PROVIDED ENTRIES →
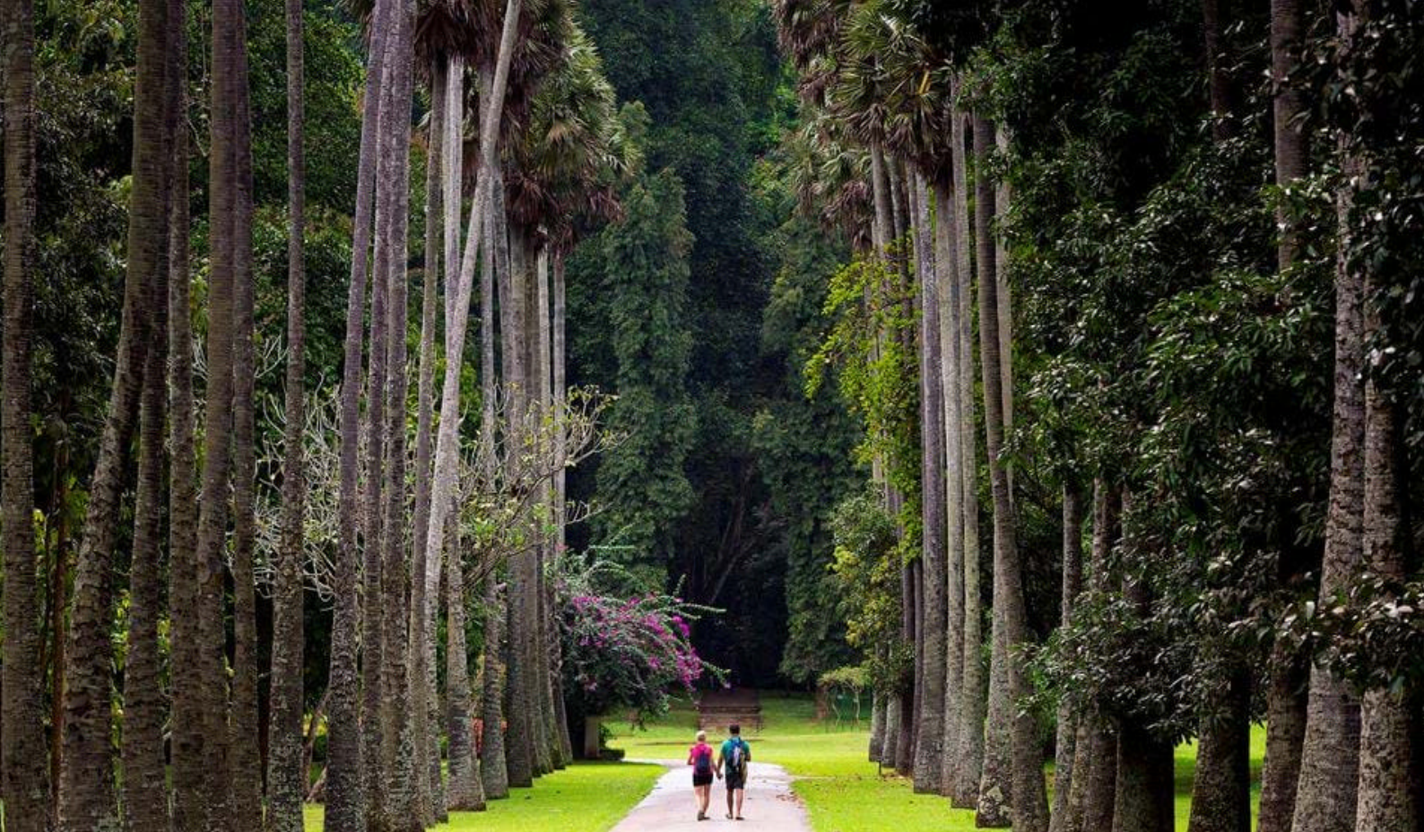
Besøg i Peradenya Botanical Garden i Kandy
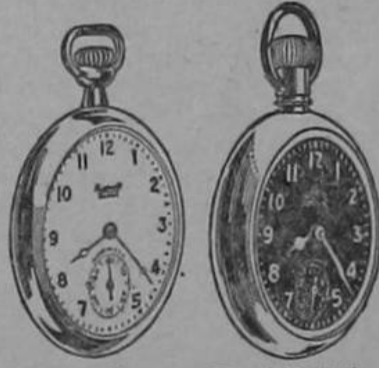
El Ingersoll con siete rubíes En el Radiolite la hora es visible en la oscuridad

El Ingersoll fue el primer reloj de precio módico, siendo indudablemente el mejor de los que, por su precio, están al alcance de todos.
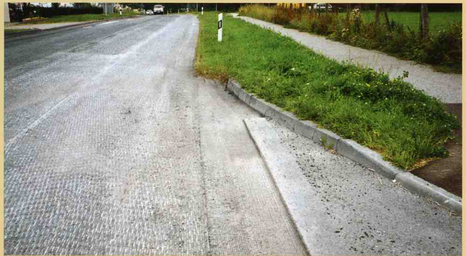
W350で大型機が切削した三角地帯や各切削レーンのつなぎ目の出っ張り等を切削します。

W350を使用すると残ってしまった作業にうるさいコンプレッサーやエアーハンマーを使う必要がありません。車道及び駐車場の入り口においても切削作業を直接にしかも正確に行う事が出来ます。このように全ての性能を適切に発揮することで作業時間が大幅に短縮でき、交通遮断を減らせます。
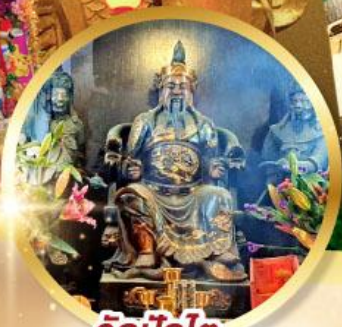
วัดปึกโต

เสริมโชคลางนำความรุ่งเรือง ทุกด้านของชีวิต
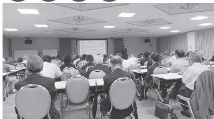
総会・学術講演会・懇親会 (6月)
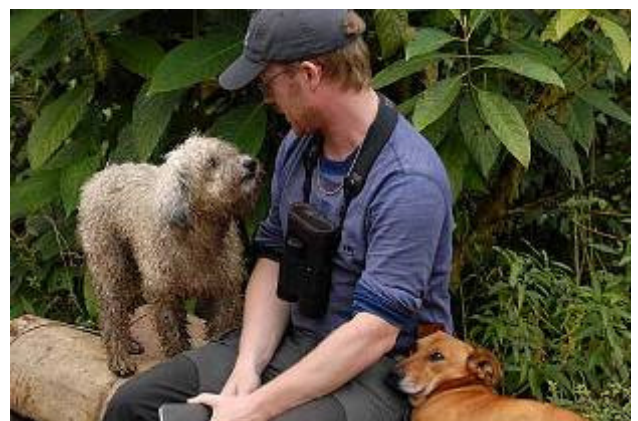
Kärlek vid första ögonkastet!

Vi bodde i ett hus ovanför floden Rio Baba inne på området där parkförvaltningen hade sitt kontor, tillsynes var vi de enda gästerna. Vid skymningen tog vi en öl på terrassen och hade Short-tailed Nighthawk överflygande.
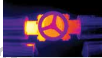
Yalıtımsız vananın termal kamera görüntüsü

Yalıtımı yapılacak vanaya uygun vana ceketini seçilir veya özel olarak dikiş yapılır. Vana ceketini, vananın etrafına sarılır ve yay yardımıyla kopçalar birbirine sıkıca bağlanır. Montajdan önce vanalarda buhar kaçağı olup olmadığı kontrol edilir. Kaçak tespit edilirse, arıza giderildikten sonra uygulamaya başlanır. Uygulamada vana ve flanşlar tamamen yalıtılmalı, vana ceketini, vananın bağlı olduğu yalıtımlı boru üzerine flanşlardan itibaren en az 50 mm bindirilmelidir.
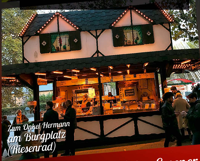
Zum Onkel Hermann am Burgplatz (Riesenrad)
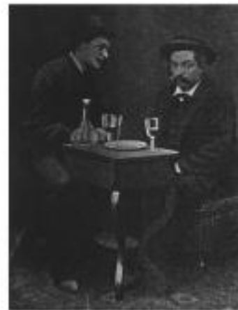
4. Emile Cohl visitant Gill à l'asile de Charenton (1884)
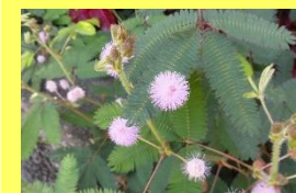
学名: Mimosa pudica 科名: マメ
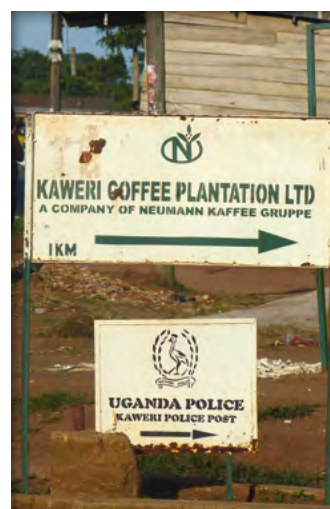
Kawerischild und Polizei

Die Leitprinzipien sind kein verbindliches Völkerrecht, beruhen jedoch auf bestehenden Menschenrechtsverpflichtungen und sind als Mindestanforderungen an Staat und Unternehmen im Bereich Wirtschaft und Menschenrechte zu verstehen.
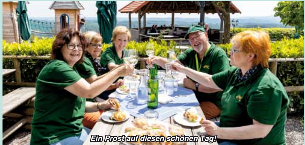
Ein Prost auf diesen schönen Tag!
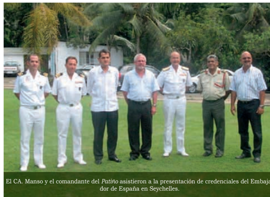
El CA. Manso y el comandante del Patino asistieron a la presentación de credenciales del Embajador de España en Seychelles.

parte de las diferentes fuerzas presentes, para ser juzgados y encarcelados. Los acuerdos entre España y la UE con Seychelles son positivos y se espera una mayor relación entre todos los implicados, a partir de la Conferencia, que tuvo lugar el día 23 de febrero en Londres, relativa al conflicto en Somalia. España y la UE han ofrecido todo su apoyo para que Seychelles continúe siendo una referencia para los países de la zona en lo relacionado con la lucha contra la piratería.
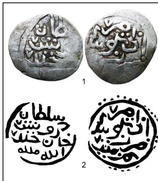
Рис 14. Крымский данг с именем Идегея на реверсе и прорисовка оттисков штемпелей этого данга.

Однако, несмотря на столь большой объем власти, Идегей воздержался от помещения на оборотной стороне монет исключи-
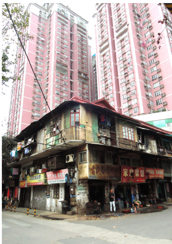
Contraste urbain, Wuhan, Chine, 23/09/2014.

Henri Lefebvre dans son ouvrage Le droit à la Ville , paru en 1968, nous livre quelques mois avant les émeutes parisiennes - qu'il influencera directement par son enseignement à l'université Paris-X Nanterre - une réflexion philosophique et sociologique sur l'urbanisation post-industrielle française. Il introduira notamment les notions
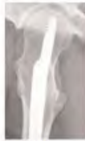
Ameliyat Sonrası 12 ay Lateral
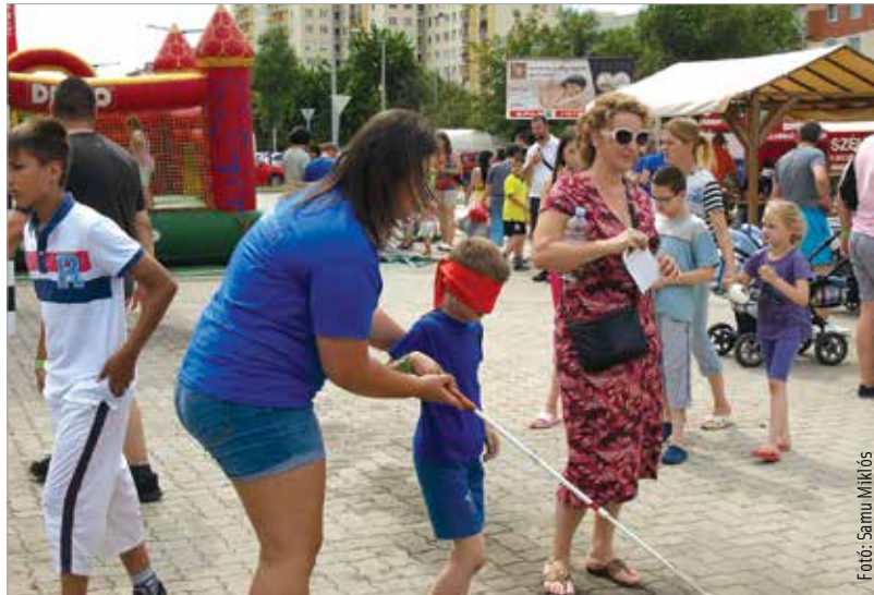
A harmadik Kölyökjuniális szombaton várja a vízivárosiakat

WHAT IS BEING ASKED → Your output should be only the lines from the line with "Однако, несмотря на" through the end of the data, exactly as they stand, and no pictures.

REPLY →
Однако, несмотря на столь большой объем власти, Идегей воздержался от помещения на оборотной стороне монет исключи-
Contraste urbain, Wuhan, Chine, 23/09/2014.

Henri Lefebvre dans son ouvrage Le droit à la Ville , paru en 1968, nous livre quelques mois avant les émeutes parisiennes - qu'il influencera directement par son enseignement à l'université Paris-X Nanterre - une réflexion philosophique et sociologique sur l'urbanisation post-industrielle française. Il introduira notamment les notions
Ameliyat Sonrası 12 ay Lateral
A harmadik Kölyökjuniális szombaton várja a vízivárosiakat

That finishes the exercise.